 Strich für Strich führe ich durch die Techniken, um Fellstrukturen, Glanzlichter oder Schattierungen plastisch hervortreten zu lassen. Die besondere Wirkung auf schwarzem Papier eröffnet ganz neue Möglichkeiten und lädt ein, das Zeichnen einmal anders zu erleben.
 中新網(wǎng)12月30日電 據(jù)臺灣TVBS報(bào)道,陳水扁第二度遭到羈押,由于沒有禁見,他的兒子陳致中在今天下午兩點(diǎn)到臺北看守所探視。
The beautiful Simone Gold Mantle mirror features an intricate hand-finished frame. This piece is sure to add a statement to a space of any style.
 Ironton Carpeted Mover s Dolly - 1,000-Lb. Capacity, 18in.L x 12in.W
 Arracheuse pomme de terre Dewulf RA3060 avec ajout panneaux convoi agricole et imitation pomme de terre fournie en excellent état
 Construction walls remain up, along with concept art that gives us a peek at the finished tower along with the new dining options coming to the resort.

##########

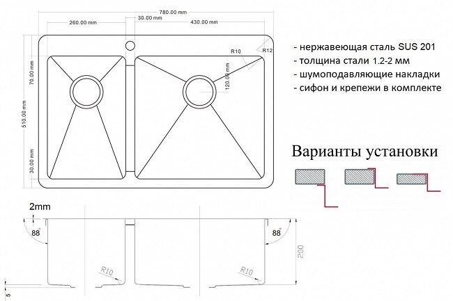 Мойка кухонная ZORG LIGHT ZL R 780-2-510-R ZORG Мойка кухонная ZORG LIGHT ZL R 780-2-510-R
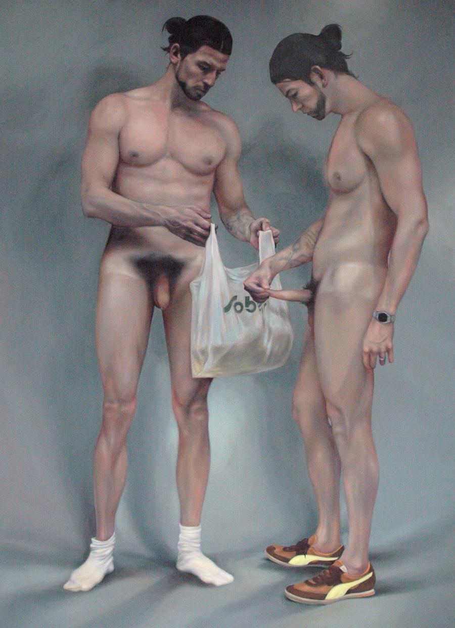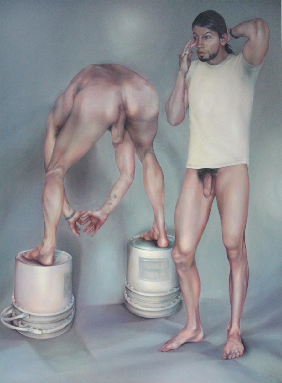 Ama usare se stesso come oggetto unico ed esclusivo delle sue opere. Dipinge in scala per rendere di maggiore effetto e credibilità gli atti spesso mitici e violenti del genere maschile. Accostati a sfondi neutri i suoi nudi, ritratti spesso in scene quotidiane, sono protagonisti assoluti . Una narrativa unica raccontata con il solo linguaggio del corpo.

##########

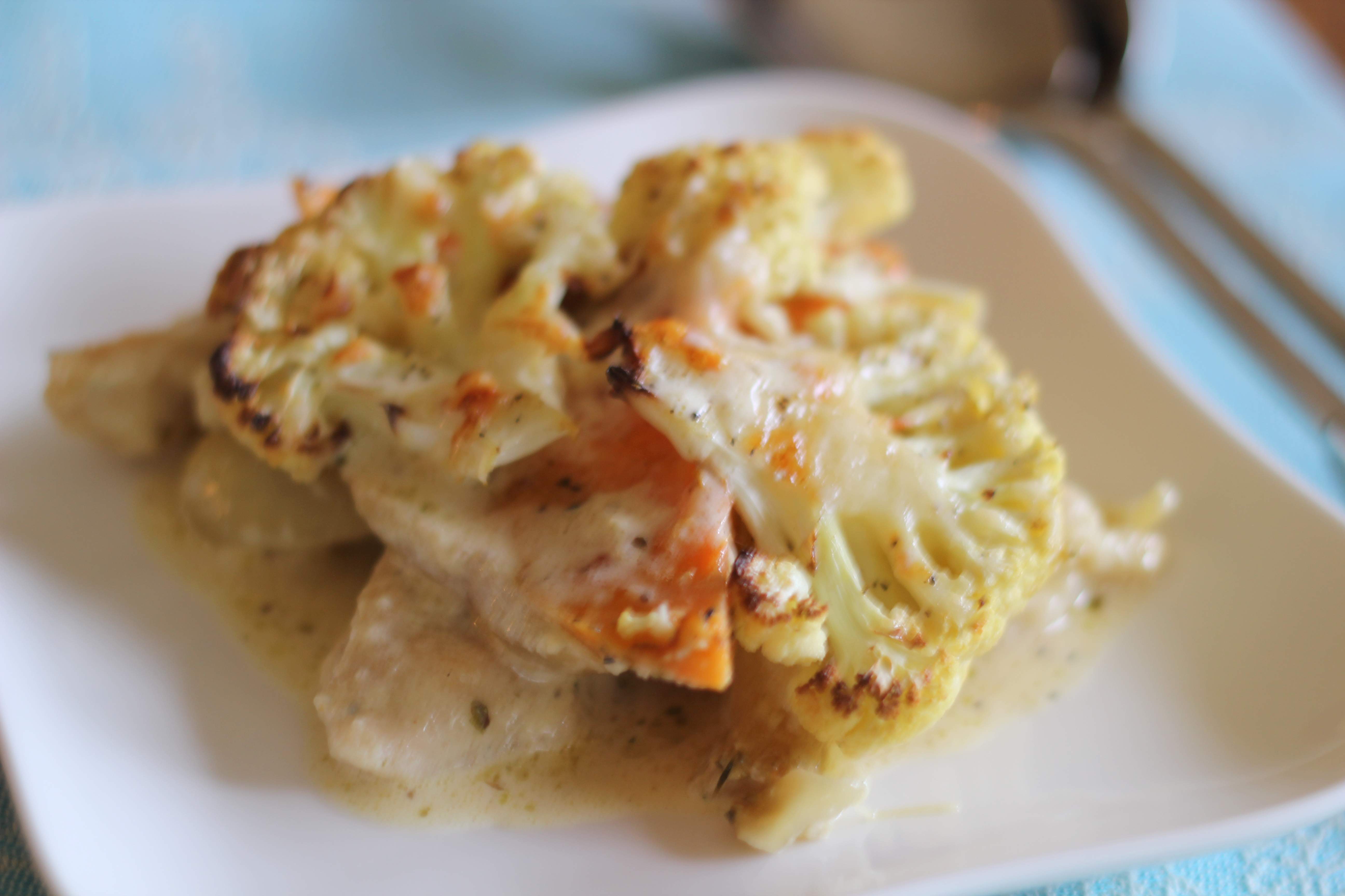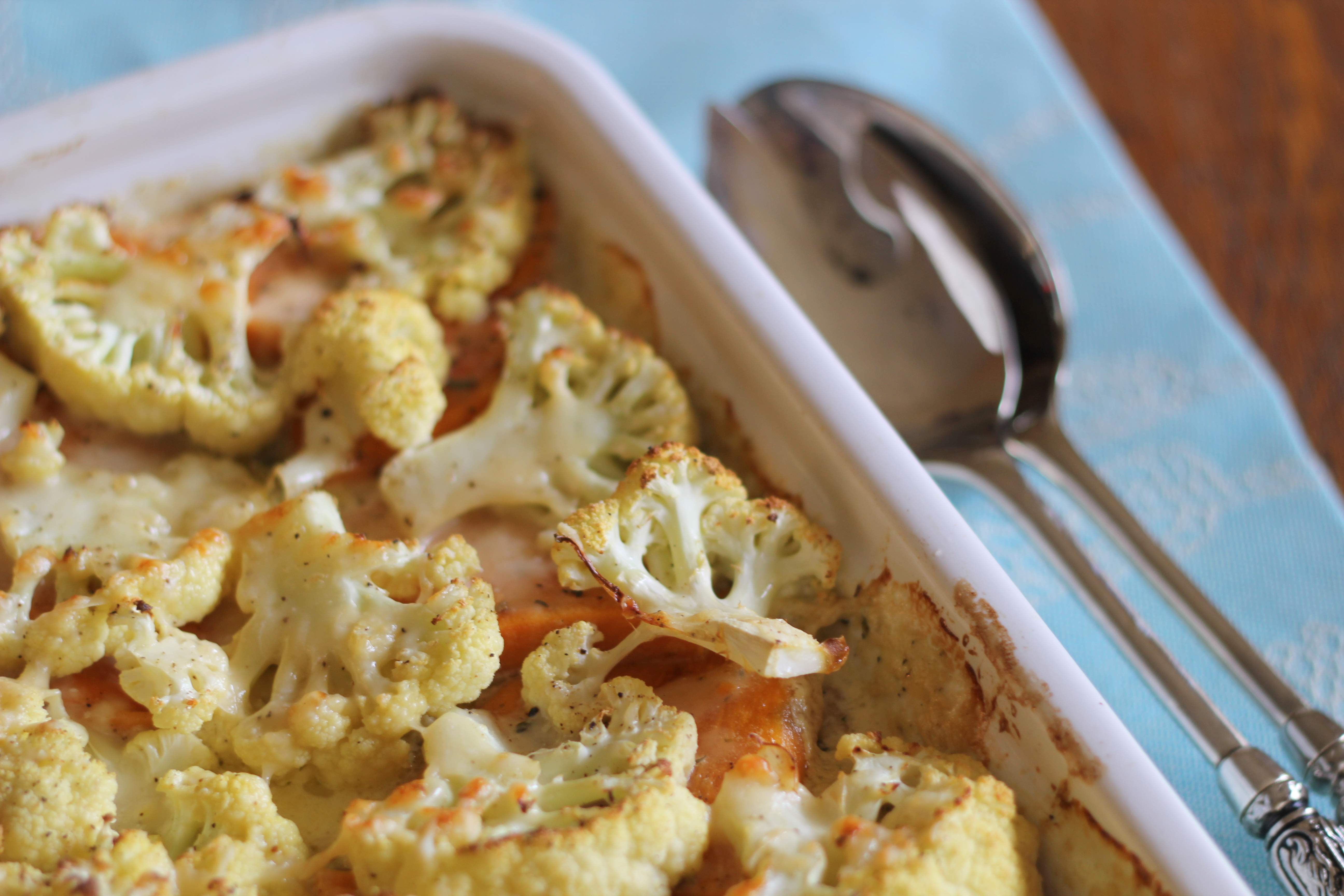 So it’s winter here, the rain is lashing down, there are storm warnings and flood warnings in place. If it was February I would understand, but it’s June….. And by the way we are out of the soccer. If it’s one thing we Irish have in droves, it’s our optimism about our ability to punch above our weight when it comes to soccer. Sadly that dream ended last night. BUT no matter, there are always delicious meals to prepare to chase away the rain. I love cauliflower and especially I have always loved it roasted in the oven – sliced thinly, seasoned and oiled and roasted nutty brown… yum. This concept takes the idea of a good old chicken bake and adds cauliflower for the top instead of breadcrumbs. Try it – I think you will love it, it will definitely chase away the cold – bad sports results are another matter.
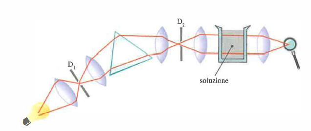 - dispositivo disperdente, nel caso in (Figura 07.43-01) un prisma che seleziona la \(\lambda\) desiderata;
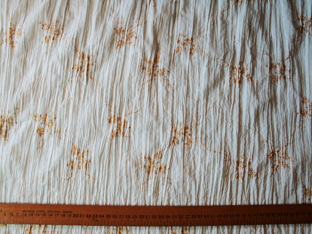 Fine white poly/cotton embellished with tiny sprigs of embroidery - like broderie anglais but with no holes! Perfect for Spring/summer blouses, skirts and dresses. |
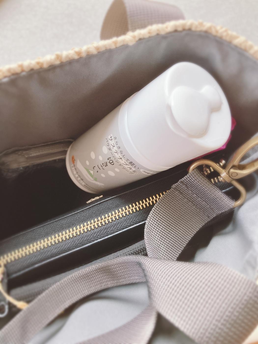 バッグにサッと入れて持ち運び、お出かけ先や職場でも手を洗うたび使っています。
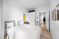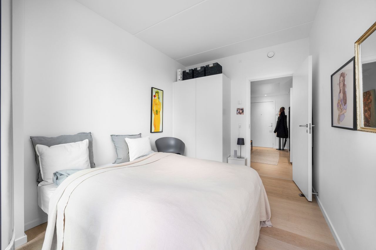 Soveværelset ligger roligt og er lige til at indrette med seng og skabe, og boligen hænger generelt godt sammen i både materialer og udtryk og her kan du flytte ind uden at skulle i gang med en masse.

##########

What the exercise asks = Retype, exactly and in full, the lines above from the one containing "Strich für Strich" through the one containing "Construction walls remain".

Response below =
 Strich für Strich führe ich durch die Techniken, um Fellstrukturen, Glanzlichter oder Schattierungen plastisch hervortreten zu lassen. Die besondere Wirkung auf schwarzem Papier eröffnet ganz neue Möglichkeiten und lädt ein, das Zeichnen einmal anders zu erleben.
 中新網(wǎng)12月30日電 據(jù)臺灣TVBS報(bào)道,陳水扁第二度遭到羈押,由于沒有禁見,他的兒子陳致中在今天下午兩點(diǎn)到臺北看守所探視。
The beautiful Simone Gold Mantle mirror features an intricate hand-finished frame. This piece is sure to add a statement to a space of any style.
 Ironton Carpeted Mover s Dolly - 1,000-Lb. Capacity, 18in.L x 12in.W
 Arracheuse pomme de terre Dewulf RA3060 avec ajout panneaux convoi agricole et imitation pomme de terre fournie en excellent état
 Construction walls remain up, along with concept art that gives us a peek at the finished tower along with the new dining options coming to the resort.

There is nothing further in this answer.